**Collected data**:
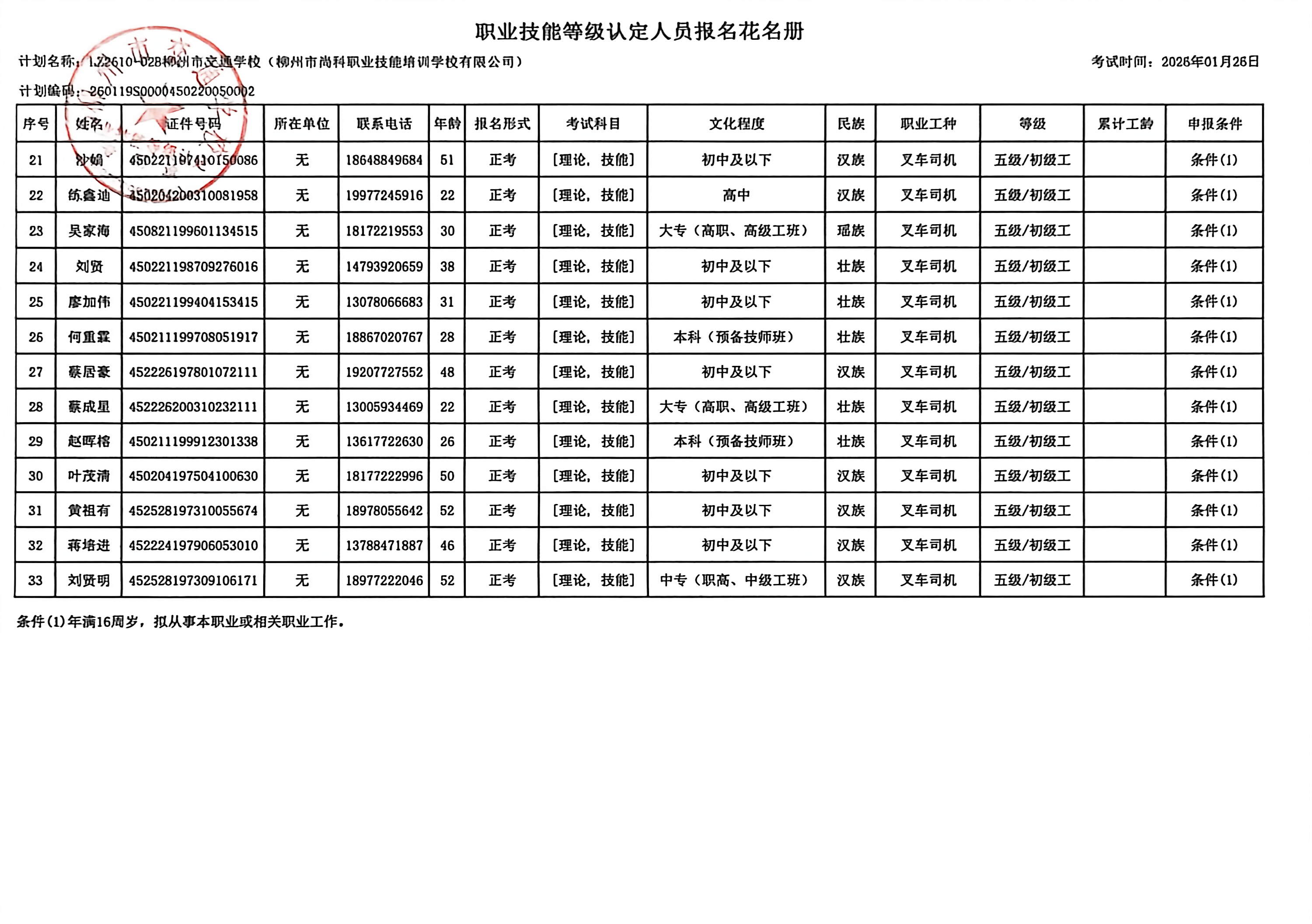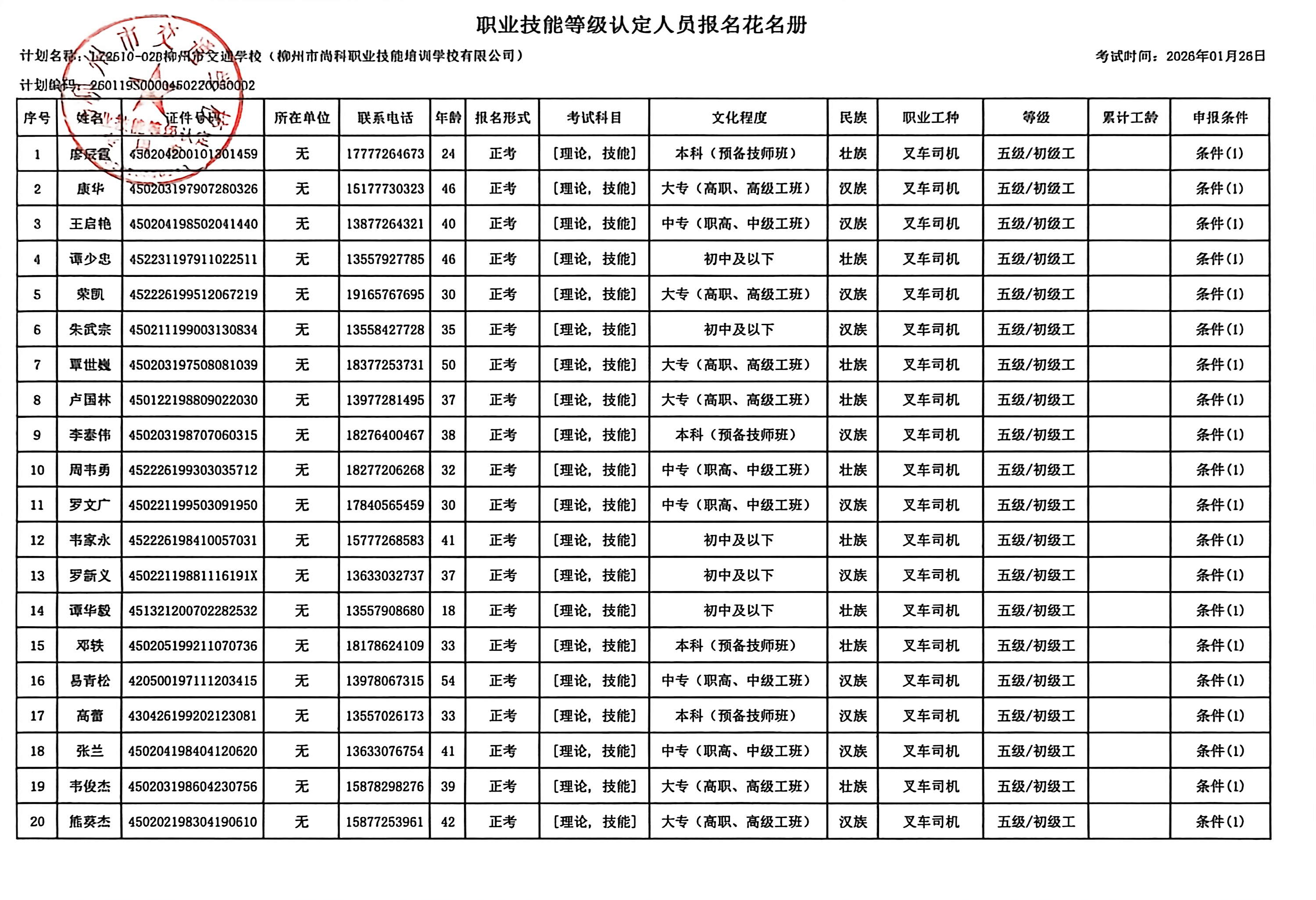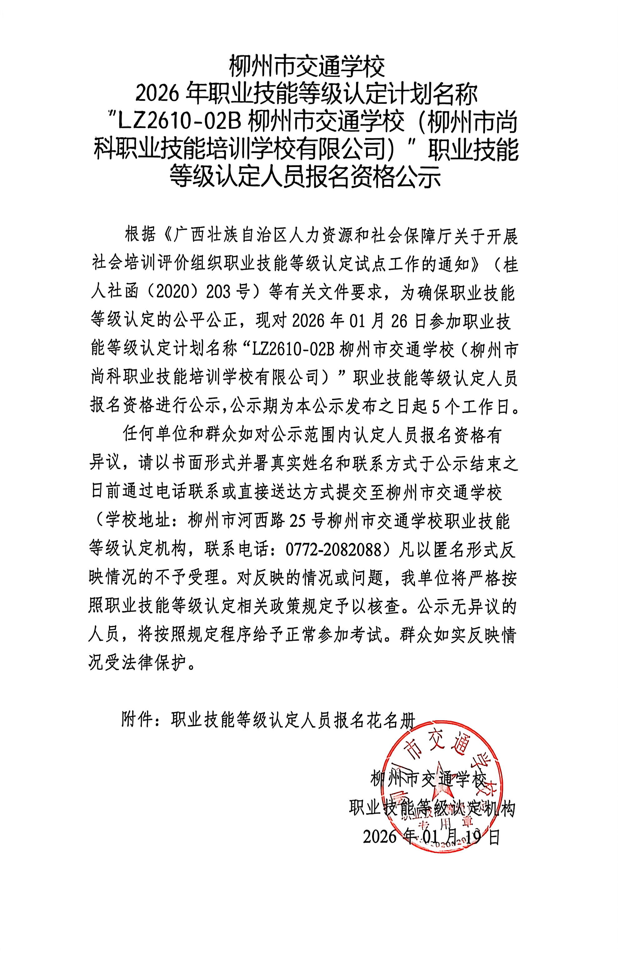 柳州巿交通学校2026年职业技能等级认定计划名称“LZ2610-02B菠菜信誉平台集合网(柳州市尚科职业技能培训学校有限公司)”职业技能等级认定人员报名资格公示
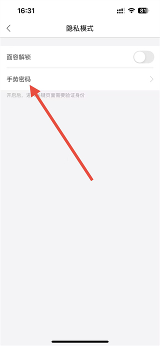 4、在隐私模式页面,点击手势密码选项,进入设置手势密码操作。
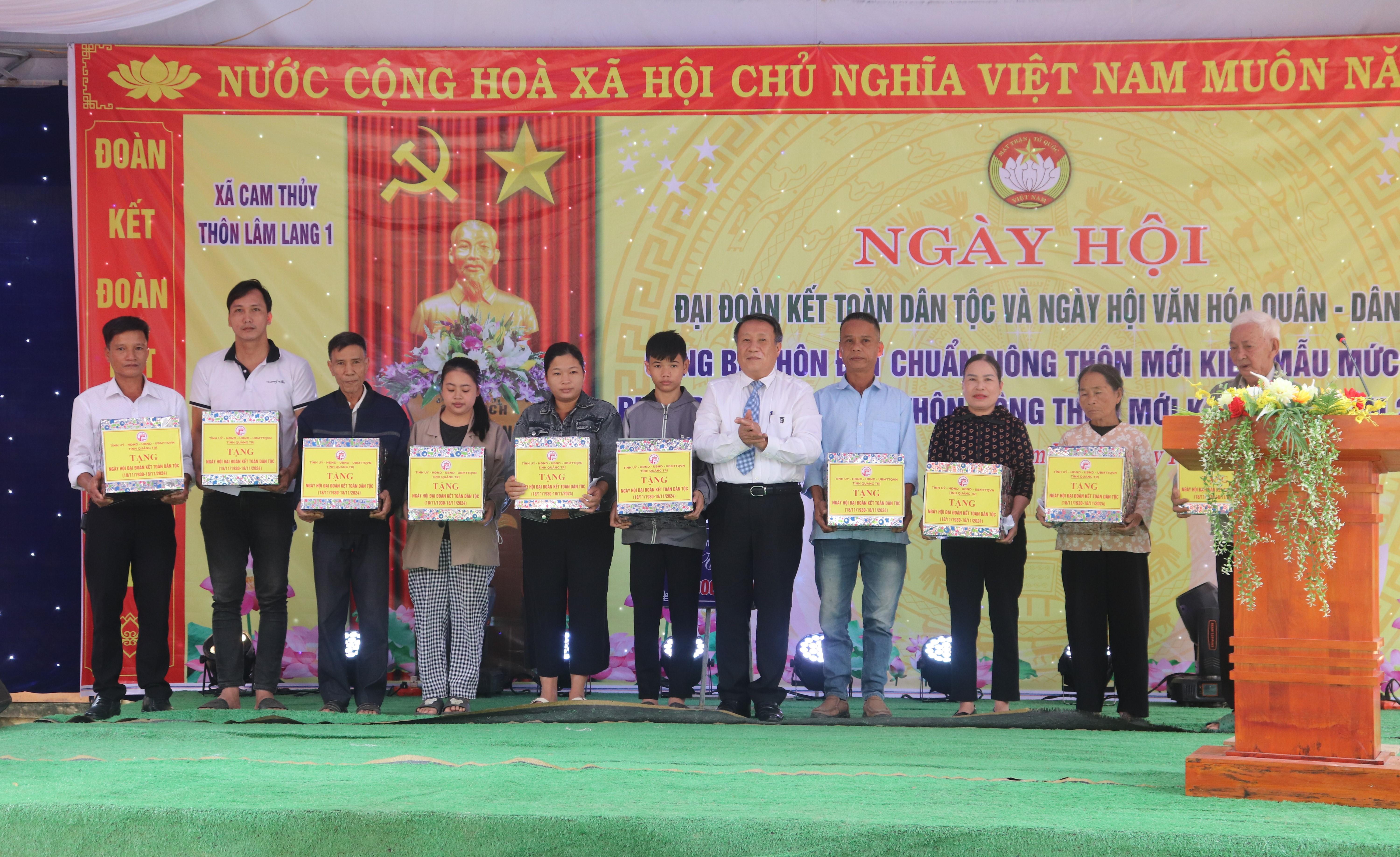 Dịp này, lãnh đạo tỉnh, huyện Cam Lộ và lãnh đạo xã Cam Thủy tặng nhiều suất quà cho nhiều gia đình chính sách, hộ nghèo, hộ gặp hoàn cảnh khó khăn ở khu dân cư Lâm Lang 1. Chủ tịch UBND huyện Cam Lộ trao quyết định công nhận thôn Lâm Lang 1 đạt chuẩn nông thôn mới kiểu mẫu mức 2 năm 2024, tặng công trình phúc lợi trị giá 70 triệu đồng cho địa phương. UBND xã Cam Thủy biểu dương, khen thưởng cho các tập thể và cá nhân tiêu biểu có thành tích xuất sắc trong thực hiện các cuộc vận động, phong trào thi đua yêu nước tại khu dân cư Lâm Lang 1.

**Instructions for the task**: Reproduce the whole listing above word for word, dropping each image.

**Solution below**:
 柳州巿交通学校2026年职业技能等级认定计划名称“LZ2610-02B菠菜信誉平台集合网(柳州市尚科职业技能培训学校有限公司)”职业技能等级认定人员报名资格公示
 4、在隐私模式页面,点击手势密码选项,进入设置手势密码操作。
 Dịp này, lãnh đạo tỉnh, huyện Cam Lộ và lãnh đạo xã Cam Thủy tặng nhiều suất quà cho nhiều gia đình chính sách, hộ nghèo, hộ gặp hoàn cảnh khó khăn ở khu dân cư Lâm Lang 1. Chủ tịch UBND huyện Cam Lộ trao quyết định công nhận thôn Lâm Lang 1 đạt chuẩn nông thôn mới kiểu mẫu mức 2 năm 2024, tặng công trình phúc lợi trị giá 70 triệu đồng cho địa phương. UBND xã Cam Thủy biểu dương, khen thưởng cho các tập thể và cá nhân tiêu biểu có thành tích xuất sắc trong thực hiện các cuộc vận động, phong trào thi đua yêu nước tại khu dân cư Lâm Lang 1.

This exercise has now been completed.